Deadline: 26-Nov-20
The Government of Western Australia has launched the Grants for Women Program 2020/2021 to provide funding support for initiatives based in Western Australian that address the unique issues faced by women.
Western Australian women remain at considerable risk of violence and abuse in their homes and their workplace. Western Australia also faces the nation’s biggest gender pay gap of 22 per cent (compared to 14 per cent nationally), while often being overlooked for leadership roles, and bearing most of the domestic work. These factors contribute to progressively limiting women and girls’ participation in economic and social life, which can have long term, negative impacts on life outcomes.
Initiatives funded under the Grants for Women Program will contribute to women and girls reaching their full potential in all aspects of life: at school, in the workplace, in retirement and in their homes and communities.
Priority Areas
Applications to the Grants for Women Program must align to at least one of the following four priority areas of the Plan:
- Health and wellbeing
- Goal: Women are healthy, active and lead fulfilled lives. Gender is a social determinant which can have a negative impact on women’s health and wellbeing outcomes.
- Risks include
- women’s participation in social and economic life is limited;
- women unable to prioritise their own health needs due to unequal share and responsibility for family caring roles and domestic work;
- Women and girls unable to manage mental health such as anxiety, depression, self-harm, attempted suicide and eating disorders.
Applicants are encouraged to refer to the Plan to consider initiatives that support women and girls lead healthy, active and fulfilled lives.
- Safety and justice
- Goal: Women live safely and have appropriate access to adequate legal protections.
- Women continue to experience unacceptable levels of family and domestic violence and abuse in their own homes, at the hands of their partners. There are substantial costs to the community in relation to family and domestic violence, but it is disproportionately women who bear the social and financial costs. Some of these costs include:
- increased risk of poverty and homelessness;
- Contribution to negative health outcomes.
Applicants are encouraged to refer to the Plan to consider initiatives that raise awareness and contribute to preventing gender-based violence in the community and the workplace.
- Economic independence
- Goal: Women can be financially independent throughout all life stages.
- A range of social and cultural factors contribute to many women having a more precarious financial situation than their male counterparts. This can mean that women’s cumulative earning power is severely compromised throughout their working lives. The gender pay gap in Western Australia is the highest of all states and territories in Australia and has been for many years.

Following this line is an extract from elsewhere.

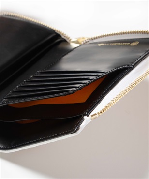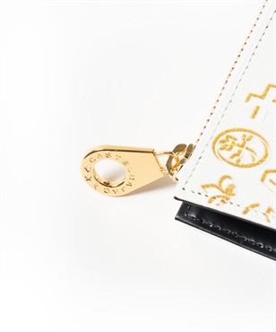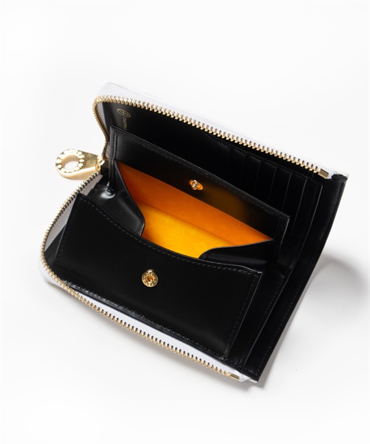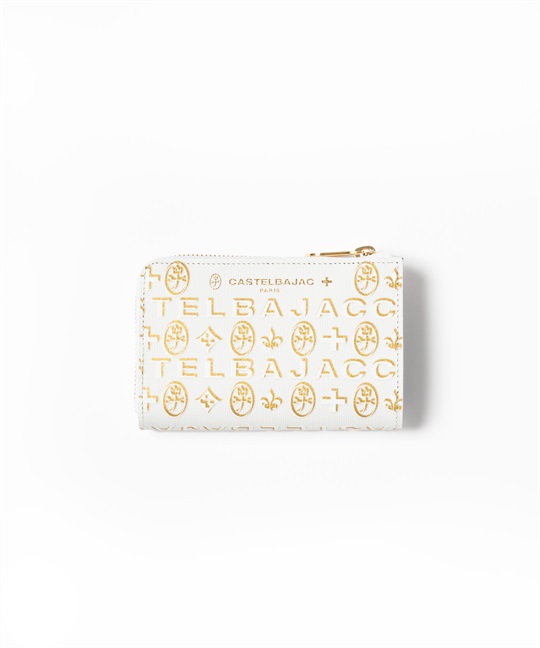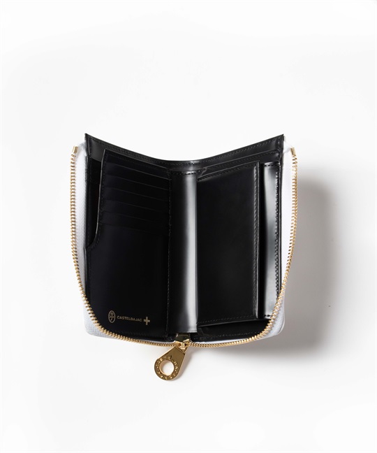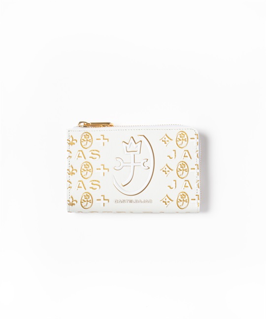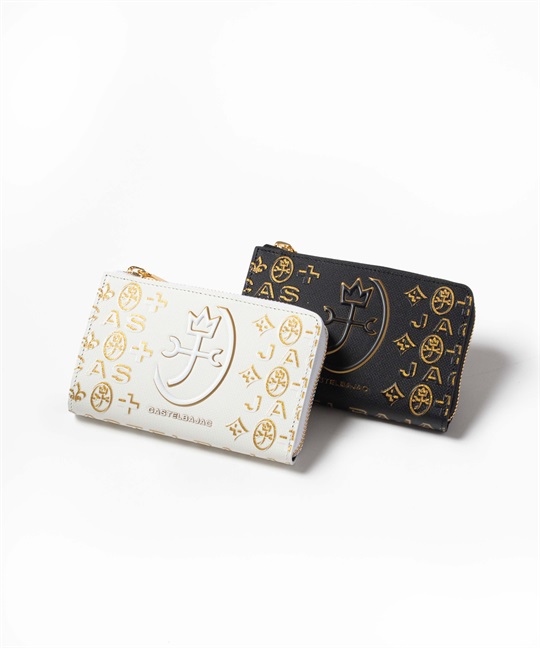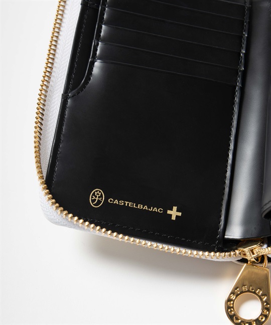 ゴールドプリントが華やかなカステルバジャックのL字ファスナーセミ長財布。長財布よりもコンパクトですが、通常の折り財布よりも一回り大きいセミハーフサイズで、収納力抜群です。ゴールドの星屑が散りばめられたような、シャイニーで華やかな財布シリーズです。中央のブランド家紋はぷっくりと立体的に盛り上げています。バックプリントのデザインも魅力です。L字ファスナーセミ長財布を開くと、カード段が6つ、ポケットが3つ、札入れが2つ、小銭入れが1つあります。小銭入れはボックス型で大きく開くため、中身が見やすく小銭の出し入れもしやすい設計です。札入れスペースも2つあるため、現金とレシート類を分けて収納可能です。

- Contributing factors include:
- time taken out from work to care for children;
- broader caring responsibilities for ageing parents and relatives;
- The gender pays gap and its effects on superannuation;
- Applicants are encouraged to refer to the Plan and consider initiatives that contribute to women’s economic independence.
- Goal: Women can be financially independent throughout all life stages.
- Leadership
- Goal: Women’s skills, achievements and strengths are valued, enabling equal participation in the community, including at leadership levels.
- Research demonstrates the economic benefits for organisations that have greater gender balance in leadership, including improved strategic decision making, better financial performance and client relationships. Despite this, many women are overlooked or face barriers to accepting leadership roles in the workplace.
- Some barriers include:
- Inflexible workplaces;
- Lack of access to support for managing caring responsibilities;
- assumptions about women’s capabilities, career ambitions and cultural norms;
- biases which undervalue women’s experience and potential;
- Unconscious bias and affinity bias in the recruitment process resulting in hiring more of the same (gender).
- Goal: Women’s skills, achievements and strengths are valued, enabling equal participation in the community, including at leadership levels.
Applicants are encouraged to refer to the Plan and consider initiatives that contribute to women gaining leadership opportunities and experience.
Funding Information
- Grants of up to $5,000 are available for one-off initiatives with a duration of up to six months that contribute to the program’s priority areas.
- Grants of up to $10,000 are available for longer-term (six to twelve months), strategic initiatives involving a range of partners that will contribute to creating sustainable or systemic change in the program’s priority areas.
Items eligible for grant expenditure
The following items are eligible for funding:
- Resource materials and publication costs;
- Equipment and venue hire;
- Publicity, communications and marketing;
- Food and non-alcoholic beverages for community engagement activities;
- Project staff and consultants, directly related to the project;
- Intrastate travel;
- Project evaluation;
- Childcare provided by qualified providers in an accredited setting for women participating in the project.
Eligible Applicants
Eligible organisations must be:
- an incorporated, not-for-profit, community sector organisation;
- a Western Australian local government authority;
- an unincorporated organisation or community group, applying through the auspice of an incorporated body or a local government authority.
A group or organization is not-for-profit if its governing documents prohibit distribution of profits to individual members while the organization is operating and upon its wind-up.